Key Implementation Considerations
Time Alignment Is Critical for AEC
One of the most important lessons learned was that AEC depends on precise alignment between microphone and loopback audio. Even small timing drift reduces cancellation effectiveness.
To address this, we implemented a Metronome-based pairing mechanism in the Python client. Rather than streaming audio directly from device callbacks, both streams are buffered and released at fixed intervals, ensuring each AEC frame contains synchronized near-end and far-end audio.
This design significantly improved echo cancellation quality across different devices and operating systems.
Metronome-Based Audio Pairing (Python Client)
To ensure NVIDIA Maxine AEC receives precisely aligned near-end (microphone) and far-end (loopback) audio frames, AMAX engineers implemented a Metronome-based pairing mechanism in the Python client.
Instead of streaming audio directly from device callbacks—which may fire at different times—the client buffers both streams and releases paired frames on a fixed clock. This guarantees that each AEC frame contains synchronized audio with a consistent time base.
Key idea
- Audio callbacks → ring buffers
- Metronome thread → fixed cadence (e.g., 10–20 ms)
- Each tick → exactly one paired frame
- Missing samples → padded with silence
Simplified implementation
RATE = 16000 # Riva/AEC expects 16 kHz
FRAME = 160 # 10 ms @ 16 kHz
BYTES = FRAME * 2 # PCM16 mono bytes per frame
class SyncedAudioBuffer:
"""Thread-safe dual buffer for mic + loopback audio."""

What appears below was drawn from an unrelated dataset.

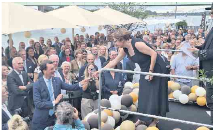
Anette Imhoff übergibt Ministerpräsidenten Hendrik Wüst eine symbolische Eintrittskarte zur neuen Ausstellung

Das Schokoladenmuseum Köln verbindet Geschichte mit Gegenwart, Genuss mit Verantwortung, Emotion mit Information - und lädt kleine wie große Gäste ein, Schokolade neu zu entdecken: „Kommt vorbei und erlebt die Magie des Kakaos - im Schokoladenmuseum Köln“ - weitere Informationen erhalten Sie vor Ort und online unter www.schokoladenmuseum.de

def __init__(self, rate=RATE):
self.rate = rate
self.mic = bytearray()
self.loop = bytearray()
self.mic_lock = threading.Lock()
self.loop_lock = threading.Lock()
def add_mic(self, data: bytes):
with self.mic_lock:
self.mic.extend(data)
def add_loop(self, data: bytes):
with self.loop_lock:
self.loop.extend(data)
def take_pair(self, n_bytes: int):
"""Only succeed when BOTH buffers have at least n_bytes."""
with self.mic_lock:
if len(self.mic) < n_bytes:
return None, None, False
with self.loop_lock:
if len(self.loop) < n_bytes:
return None, None, False
with self.mic_lock:
mic_chunk = bytes(self.mic[:n_bytes])
del self.mic[:n_bytes]
with self.loop_lock:
loop_chunk = bytes(self.loop[:n_bytes])
del self.loop[:n_bytes]
return mic_chunk, loop_chunk, True
def resync_if_needed(self, max_diff_ms: float = 100.0):
"""Trim the longer buffer to match the shorter one (avoid drift buildup)."""
with self.mic_lock:
mic_ms = (len(self.mic) / (self.rate * 2)) * 1000
with self.loop_lock:
loop_ms = (len(self.loop) / (self.rate * 2)) * 1000
if abs(mic_ms - loop_ms) <= max_diff_ms:
return False
target = None
with self.mic_lock, self.loop_lock:
target = min(len(self.mic), len(self.loop))

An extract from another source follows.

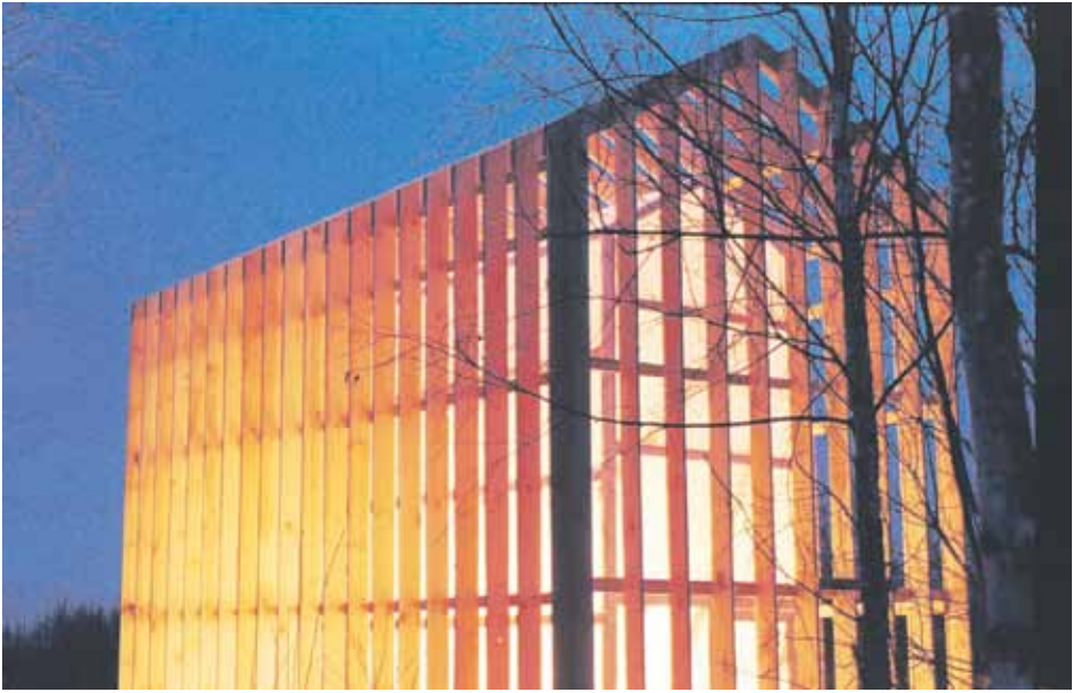
Mökki. Basilika, Arkstojanie-festivaali, Nikola-Lenivets, Kalugan alue, Venäjä. 2008.

self.mic = self.mic[-target:]
self.loop = self.loop[-target:]
return True
def metronome_loop(audio_buf: SyncedAudioBuffer, out_q: queue.Queue, stop: threading.Event):
"""Emit exactly one synchronized (mic, loopback) pair every 10 ms."""
seq = 0
base_ms = int(time.time() * 1000)
period_s = FRAME / RATE # 10 ms
next_t = time.perf_counter()
last_sync_check = time.time()
while not stop.is_set():
next_t += period_s
ts_ms = base_ms + seq * 10
# Periodically resync buffers to prevent drift
now_wall = time.time()
if now_wall - last_sync_check > 1.0:
audio_buf.resync_if_needed(max_diff_ms=100.0)
last_sync_check = now_wall
mic_chunk, loop_chunk, ok = audio_buf.take_pair(BYTES)
if ok:
out_q.put_nowait({
"mic_chunk": mic_chunk,
"loopback_chunk": loop_chunk,
"seq": seq,
"sample_rate": RATE,
"num_samples": FRAME,
"timestamp_ms": ts_ms,
})
seq += 1
# Keep a stable cadence
now = time.perf_counter()
if next_t > now:
time.sleep(next_t - now) Why this matters for Maxine AEC
Acoustic Echo Cancellation assumes that near-end and far-end audio frames represent the same moment in time. Even small timing drift between streams can significantly reduce cancellation effectiveness.

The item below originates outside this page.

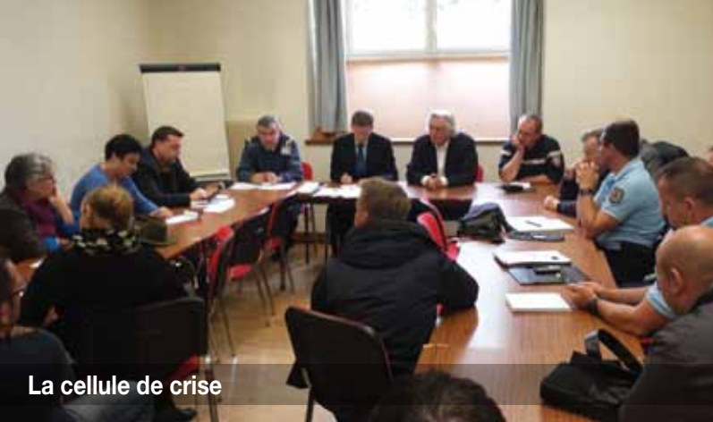
La cellule de crise

By enforcing a single, stable metronome clock, this approach:
- keeps microphone and loopback audio aligned,
- prevents drift caused by OS scheduling or driver behavior,
- improves echo suppression consistency across devices,
- and produces cleaner input for downstream Riva ASR.
This mechanism proved essential when running Maxine AEC in real-world enterprise environments, particularly on Windows systems where audio devices operate asynchronously.
Running Maxine AEC in a Real-Time Loop
A simplified Maxine AEC initialization flow:
NvAFX_Handle handle;
NvAFX_CreateEffect(NVAFX_EFFECT_AEC, &handle);
NvAFX_SetString(handle, NVAFX_PARAM_MODEL_PATH, model_path.c_str());
NvAFX_SetU32(handle, NVAFX_PARAM_INPUT_SAMPLE_RATE, 16000);
NvAFX_Load(handle);Each audio frame is converted to float format, processed by Maxine, then converted back to PCM before streaming to Riva.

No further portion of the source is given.